If you want to take this "seriously," you also need to be willing to take serious steps in the direction that the data points. And the data is ever-increasingly pointing to the reality that it is no longer prudent to keep people locked up and paralyze the economy forever based on data that was projected from models that are more and more being shown to be SERIOUSLY FLAWED.


If you want to take this seriously, you ALSO need to take the context and the overall picture seriously.

Context and statistics are "all that" in this discussion.

If some bizarre disease occurred because of some chemical spill in some chemical factory in the middle of the fields in Idaho and three people died from it, that would be tragic. But it would never result in a shutdown to the economy.

If a disease breaks out in the middle of the fields of Idaho (or Wuhan, or wherever) that looks like it killed three people, that's an entirely different deal. And if it looks like, a few days later, there are 20 people who died from it, then hell's bells, lets lock down EVERYTHING until this thing doesn't move anymore.

Shutting down the world to save the millions of lives that were projected to be lost due to preliminary models appeared wise and necessary.

But if - IF - the disease spreads like wildfire but it looks like 99.9 percent of the population turn out to have had it and didn't even know they did, and it went away? Was it worth the lockdown? 

For a day? Maybe? For three months? The point is you have to look at the whole picture, the whole fraction, the WHOLE package and weigh it in the balance.


It's time to take the REST of the situation "seriously."

If you bothered to watch the video that I linked to above from the doctor who talked about the statistics, you'll already be aware of some of the real collateral damage that is occurring due to this extended lockdown of people in their homes, apartments, care facilities and the like - without normal human interaction and the ability to get out and blow off steam.

The number of suicides is up; the number of spousal abuse and child abuse cases is up. These effects have lasting repercussions. 

That doesn't even START to deal with the real and lasting economic impact that this worldwide lockdown is having on the economy. Those shutdowns are affecting jobs and people's abilities to buy groceries and pay their heating and electric bills.

People are losing their homes and savings. Major industries are bleeding money onto the ground and it seems some of the people out there who listen to nothing but the WHO and CNN don't really believe there even is another side to this.
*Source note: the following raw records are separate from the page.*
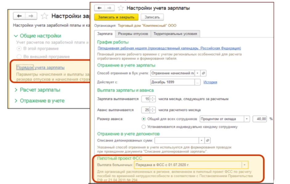 Пилотный проект ФСС и прямые выплаты пособий - как настроить в 1С
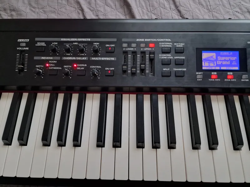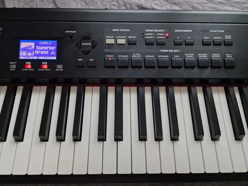 Eladó egy Roland RD-700sx színpadi zongora.Másik zongora vásárlása miatt adom el. Van rajta pár szépséghiba, egy karc az előlapon, az egyik billentyű kicsit sárgásabb színű. Egyébként szépen működik, ilyen szempontból hibátlan, nem recsegnek a potméterek, csatlakozók. A billentyűk finoman billennek, szépen egy síkban állnak, jó az állapota a mechanikájának.
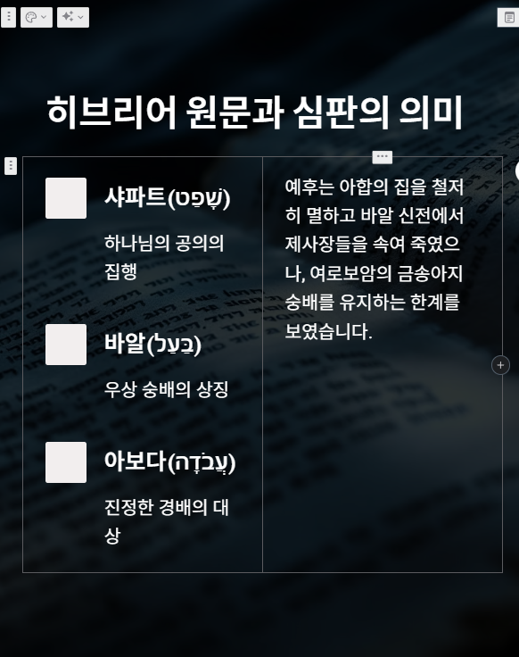 - 'שָׁפַט'(샤파트): ‘심판하다’ – 하나님의 공의의 집행
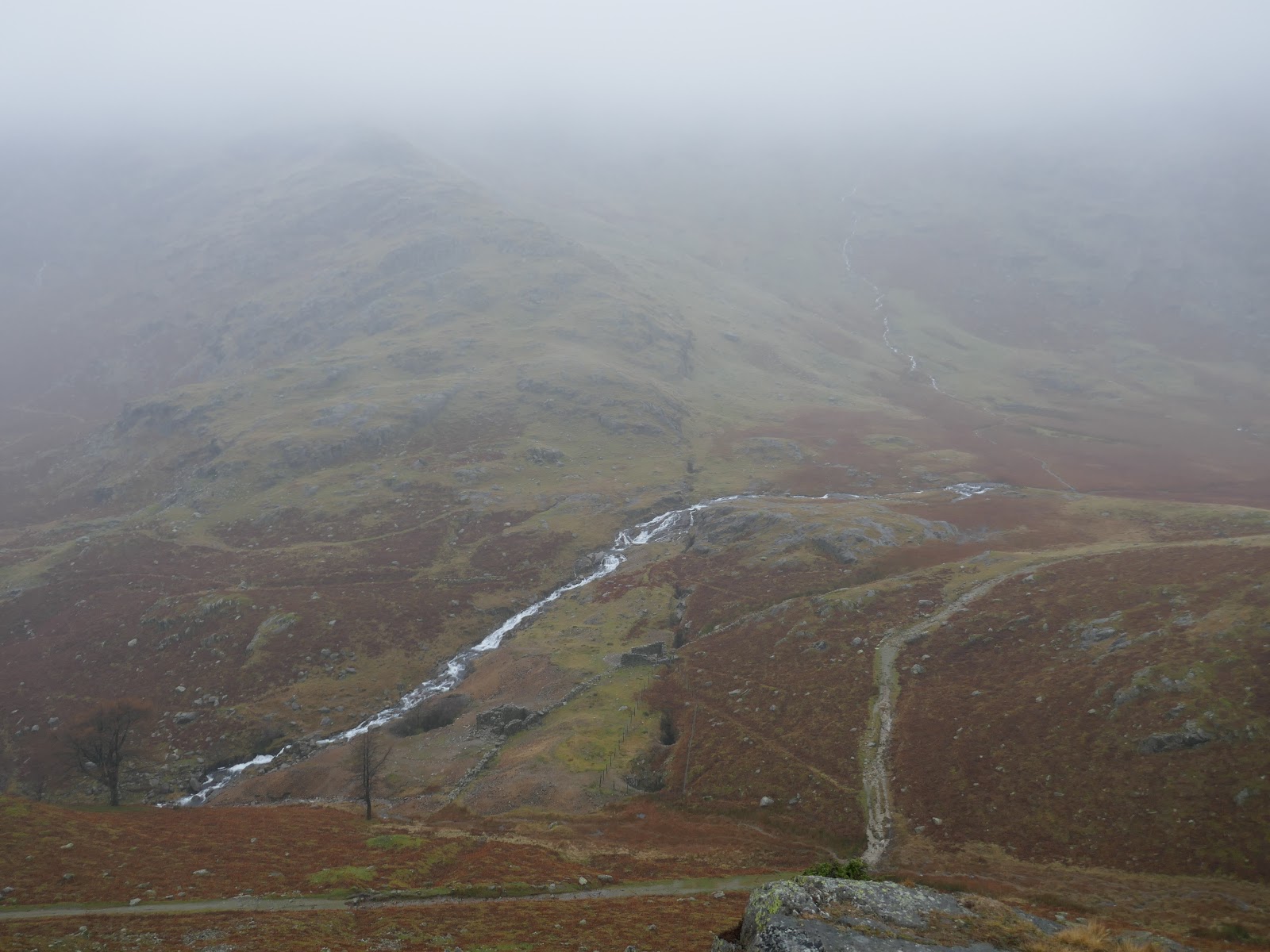 Beyond Blake Rigg is the huge incision of Tilberthwaite Gill, draining the coves east of Wetherlam. We followed the slopes of Blake Rigg’s southern ridge to meet the walkers path at Dry Cove Bottom before following the path which skirts the northern side of Tilberthwaite, giving views down into the waterfalls below. If there’s a silver lining to a rainy day its the spectacular display of waterfalls in spate.
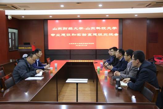 王洪海对山东科技大学经济管理学院一行来访表示欢迎,并介绍了我院办学情况和电子商务专业建设情况。王高山介绍了大数据管理与应用专业的人才培养方案制定、课程设置和专业建设经验。杜胜永分享了我院实验室建设情况以及实验室服务专业教学的相关情况。王松介绍了山东科技大学经济管理学院专业建设情况以及大数据管理与应用专业筹建情况,并对我院专业建设给予充分肯定,希望日后能经常交流经验,共同提高办学水平。张福平介绍了山东科技大学经济管理学院实验室建设情况,并与我院实验室建设情况进行了沟通交流。最后,山东科技大学经济管理学院一行参观了我院专业实验室。

They just don't seem to even consider the possibility that the models might have been proven wrong.

And if the models have been overblown, and people are affected by this disease in magnitudes of numbers LESS than originally thought, then taking it seriously also means seriously course-correcting when we've missed it and admitting it's time to take another approach - that getting the world back to normal  is now the MORE serious issue here.


It's also time to drop the hubris that leads you to assume if I don't see it like you do, I'm not taking the Coronavirus seriously.

I get SO TIRED of people who have such an arrogance as to think that anyone who does not agree with where THEY are at on this issue has simply not looked into it.

I find that many people who attack my take on this thing as being overblown are not even aware that there are studies out there that increasingly show it IS overblown and it's time to change direction here.

I take this issue of Coronavirus very seriously. I always did. But I'm also open to the idea that serious consideration of the FACTS is pointing to a change in direction here. We need to START GETTING PEOPLE BACK TO WORK, because the BIGGEST issue from before has become the SECONDARY issue. The economy must now become the PRIMARY issue.

That is, if you want to take this thing "seriously."